Recorded data -
# # # #
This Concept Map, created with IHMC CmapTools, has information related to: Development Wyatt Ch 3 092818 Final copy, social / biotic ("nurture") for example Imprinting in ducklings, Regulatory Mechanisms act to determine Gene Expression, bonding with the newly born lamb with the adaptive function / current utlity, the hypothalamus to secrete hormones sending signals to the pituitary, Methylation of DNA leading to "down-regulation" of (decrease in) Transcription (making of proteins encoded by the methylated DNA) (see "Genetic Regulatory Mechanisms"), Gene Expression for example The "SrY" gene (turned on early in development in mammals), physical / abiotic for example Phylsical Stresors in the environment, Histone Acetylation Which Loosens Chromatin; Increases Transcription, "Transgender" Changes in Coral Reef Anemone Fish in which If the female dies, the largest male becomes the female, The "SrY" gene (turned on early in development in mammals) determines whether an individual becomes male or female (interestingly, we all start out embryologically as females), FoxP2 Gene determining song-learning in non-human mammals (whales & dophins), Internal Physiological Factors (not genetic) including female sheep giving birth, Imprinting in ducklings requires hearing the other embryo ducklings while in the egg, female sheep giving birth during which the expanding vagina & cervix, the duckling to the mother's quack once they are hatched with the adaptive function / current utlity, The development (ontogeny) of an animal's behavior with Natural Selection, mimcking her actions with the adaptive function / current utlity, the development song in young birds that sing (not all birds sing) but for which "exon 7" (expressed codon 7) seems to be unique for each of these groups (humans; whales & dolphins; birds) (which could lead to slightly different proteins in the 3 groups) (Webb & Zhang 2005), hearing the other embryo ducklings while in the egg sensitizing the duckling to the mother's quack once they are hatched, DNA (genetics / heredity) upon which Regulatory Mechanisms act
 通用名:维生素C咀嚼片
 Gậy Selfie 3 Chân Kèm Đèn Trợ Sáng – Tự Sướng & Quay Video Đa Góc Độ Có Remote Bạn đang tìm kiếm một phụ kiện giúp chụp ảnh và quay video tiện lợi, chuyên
# # # #
Your objective -
Exactly reproduce the lines of the data above that run from the line containing "通用名:维生素C咀嚼片" through the final one.

Output for this task -
 通用名:维生素C咀嚼片
 Gậy Selfie 3 Chân Kèm Đèn Trợ Sáng – Tự Sướng & Quay Video Đa Góc Độ Có Remote Bạn đang tìm kiếm một phụ kiện giúp chụp ảnh và quay video tiện lợi, chuyên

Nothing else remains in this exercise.